When working with natural language and linguistic analysis of texts, we often have to operate with a huge number of unique short lines. The score goes to tens and hundreds of millions - that is how much there are, for example, meaningful combinations of two words in a language. The main platform for us is Java and we know firsthand about its voracity when working with so many small objects.
To estimate the scale of the disaster, we decided to conduct a simple experiment - to create 100 million blank lines in Java and see how much RAM to pay for them.
Attention: At the end of the article is a survey. It will be interesting if you try to answer it before reading the article, for self-control.
')
The rule of good tone when conducting any measurements is considered to publish the version of the virtual machine and test run parameters:
> java -version java version "1.8.0_101" Java(TM) SE Runtime Environment (build 1.8.0_101-b13) Java HotSpot(TM) 64-Bit Server VM (build 25.101-b13, mixed mode)
Pointer compression enabled (read: heap size less than 32 GB):
java -Xmx12g -Xms12g -XX:+UseConcMarkSweepGC -XX:NewSize=4g -XX:+UseCompressedOops ... ru.habrahabr.experiment.HundredMillionEmptyStringsExperiment
Pointer compression disabled (read: heap size greater than 32 GB):
java -Xmx12g -Xms12g -XX:+UseConcMarkSweepGC -XX:NewSize=4g -XX:-UseCompressedOops ... ru.habrahabr.experiment.HundredMillionEmptyStringsExperiment
The source code of the test itself:
package ru.habrahabr.experiment; import org.apache.commons.lang3.time.StopWatch; import java.util.ArrayList; import java.util.List; public class HundredMillionEmptyStringsExperiment { public static void main(String[] args) throws InterruptedException { List<String> lines = new ArrayList<>(); StopWatch sw = new StopWatch(); sw.start(); for (int i = 0; i < 100_000_000L; i++) { lines.add(new String(new char[0])); } sw.stop(); System.out.println("Created 100M empty strings: " + sw.getTime() + " millis");
ProcessWe
look for the process ID using the
jps utility and take a heap dump with
jmap :
> jps 12777 HundredMillionEmptyStringsExperiment > jmap -dump:format=b,file=HundredMillionEmptyStringsExperiment.bin 12777 Dumping heap to E:\jdump\HundredMillionEmptyStringsExperiment.bin ... Heap dump file created
Analyze a heap snapshot using
Eclipse Memory Analyzer (MAT) :


For the second test with the pointer compression off, no images are given, but we honestly conducted an experiment and asked to take a word (optimally: reproduce the test and see for ourselves).
findings- 2.4 GB takes a binding of objects of class String + pointers to arrays of characters + hashes.
- 1.6 GB takes binding arrays of characters.
- 400 MB occupy pointers to lines.
If you are working with a heap size larger than 32GB (pointer compression is off), then the pointers will cost even more. Accordingly, there will be such results:
- 3.2 GB takes the binding of objects of class String + pointers to arrays of characters + hashes.
- 2.4 GB is a binding of arrays of characters.
- 800 MB occupy pointers to lines.
Total, for each line you in addition to the size of the array of characters pay 44 bytes (64 bytes without compressing pointers). If the average string length is 15 characters, it turns out almost 5 bytes for each character. Prohibitively expensive when it comes to home gland.

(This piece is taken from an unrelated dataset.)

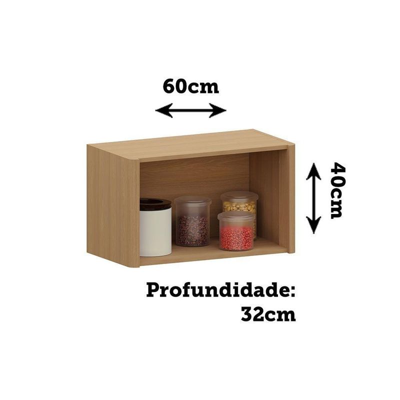 Armário Aéreo Para Geladeira 60cm 2 Portas Lúmia Luciane Móv FreijóArmario Aereo para Geladeira 60cm 2 Portas Lumia Luciane MoveisTransforme sua cozinha com um armario que une praticidade, seguranca e um design moderno! Feito 100 em MDF de alta qualidade, ele possui cantos arredondados que oferecem um visual suave e elegante, alem de garantir maior seguranca ao evitar arestas cortantes. Possui amplo espaco interno para organizar seus utensilios e mantimentos de forma eficiente. As dobradicas Slow Motion com amortecimento garantem um fechamento suave e silencioso das portas, acrescentando conforto e durabilidade ao movel enquanto os puxadores embutidos mantem o visual minimalista e elegante. Perfeito para quem busca um movel funcional, e com um design contemporaneo, esse armario e a escolha ideal para deixar sua cozinha mais bonita e organizada! Caracteristicas: Garantia do Fornecedor: 3 meses Material: MDF 15mm Acabamento: Pintura UV Portas: 2 portas de bater Dobradicas: metalicas 35mm Slowmotion Prateleiras: Nao possui prateleiras, ideal para quem prefere um design clean e pratico. Dimensoes: Altura: 40 cm Largura: 60 cm Profundidade: 32 cm Peso Bruto: 10,8 kg Fique de olho: - Siga sempre as orientacoes do fabricante e utilize seu produto de acordo com o manual. - A empresa nao se responsabiliza pelo mau uso do produto, o que pode causar perda da garantia. - Certifique se que seus dados estejam atualizados, como endereco e um valido. - A sera realizada no terreo, sendo assim, em predios o deslocamento da mercadoria, subir escadas, elevadores ou por guincho para apartamentos fica sob responsabilidade do comprador. - Todas as nossas sao realizadas em horario comercial, nao sendo possivel fazer agendamento, sugerimos acompanhar o rastreio do pedido e ter alguem para receber no endereco indicado. - Nao nos encarregamos por montagens, desmontagens e outras instalacoes. Essas demandas serao de responsabilidade do comprador. - A tonalidade da cor pode variar de acordo com a iluminacao e/ou as configuracoes do seu monitor. - Objetos e decoracoes nao acompanham os produtos, imagens sao meramente ilustrativas.

How to fightThere are two main strategies for saving resources:
- For a large number of duplicate lines, interning (string interning) or deduplication (string deduplication) can be used. The essence of the mechanism is as follows: since the lines in Java are immutable, you can store them in a separate pool and, when repeated, refer to an existing object instead of creating a new line. This approach is not free - it costs both memory and processor time for storing the structure of the pool and searching it.

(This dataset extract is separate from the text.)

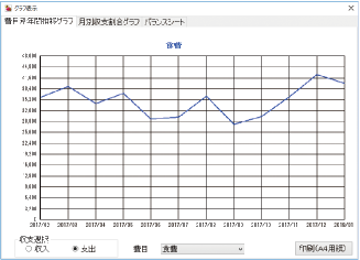 グラフ以外にも、費目 / 摘要 / 自由項目 / 期間 / データ入力日など

What is the difference between internment and deduplication, what are the variations of the latter, and what the use of the String.intern () method is fraught with in Alexey Shipilev's wonderful report ( link ), starting at 31:52.
- If, as in our case, the strings are unique, there is nothing else left but to use various algorithmic tricks. Mini-announcement: how we work with hundreds of millions of digrams (read: word + word or 15 characters) in our tasks we will tell in the very near future.
Unfortunately, there are no built-in mechanisms for storing each individual line more compactly in Java. In the future, the situation may improve slightly for individual scenarios: see
JEP 254 .
On lookWe strongly recommend that you look at the
report by Alexei Shipilev from Oracle under the loud title “Catechism java.lang.String” (thanks to
periskop for the tip). There he talks about the problem of the article at 4:26 and about the internment / deduplication of strings, starting at 31:52.
FinallyThe solution to any problem begins with an assessment of its scale. Now you know these scales and can take into account the overhead when working with a large number of lines in your projects.